Sensing and modeling plant ecohydrology for understanding tree and ecosystem responses to water stress

Vegetation provides a critical nexus between the subsurface, biosphere, and atmosphere through the mediation of the exchange of water, carbon, and energy. Plants respond dynamically to local microclimates at both short and long timescales via mechanisms ranging from physiological behaviors, such as stomatal closure, to acclimation and adaptation. These responses influence land-atmosphere fluxes directly and are therefore crucial to understanding and predicting Earth system responses to a changing climate. As our community progresses towards increasingly physically-realistic models of vegetation responses to the environment, we face several new challenges such as understanding how whole-plant hydraulic strategies can best be represented using limited parameters, connecting non-linearly related observations such as water content and water potential within different organs, and representing responses to simultaneous stressor such as high temperatures and low water supply or high salinities and high evaporative demands.

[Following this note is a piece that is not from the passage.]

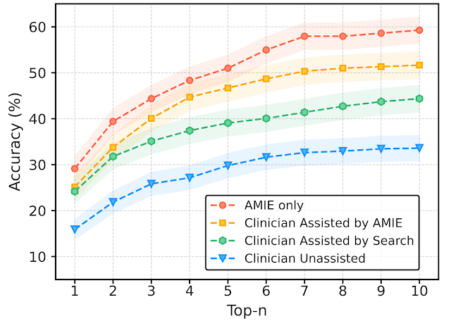 We consistently see that AI systems optimized for diagnostic reasoning are outperforming doctors – including outperforming doctors that have access to the AI. If you don’t trust the AI sufficiently, it’s like not trusting a chess AI, your changes on average make things worse. The latest exampleis from Project AMIE (Articulate Medical Intelligence Explorer) inNature.

We use vignettes from two long-term tree and ecosystem level studies to demonstrate both progress and pitfalls towards overcoming each of these hurdles in terms of observational understanding of plant function and individual tree-based simulations of new observational data and the accompanying uncertainties. As we progress towards further incorporation of such vegetation ecohydrology modules within climate and weather models, it is becoming increasingly critical to represent well, and with limited parameters the manners in which plants manifest stress responses across time scales in order to better predict the complex feedbacks to carbon, water, and energy fluxes that subsequently develop.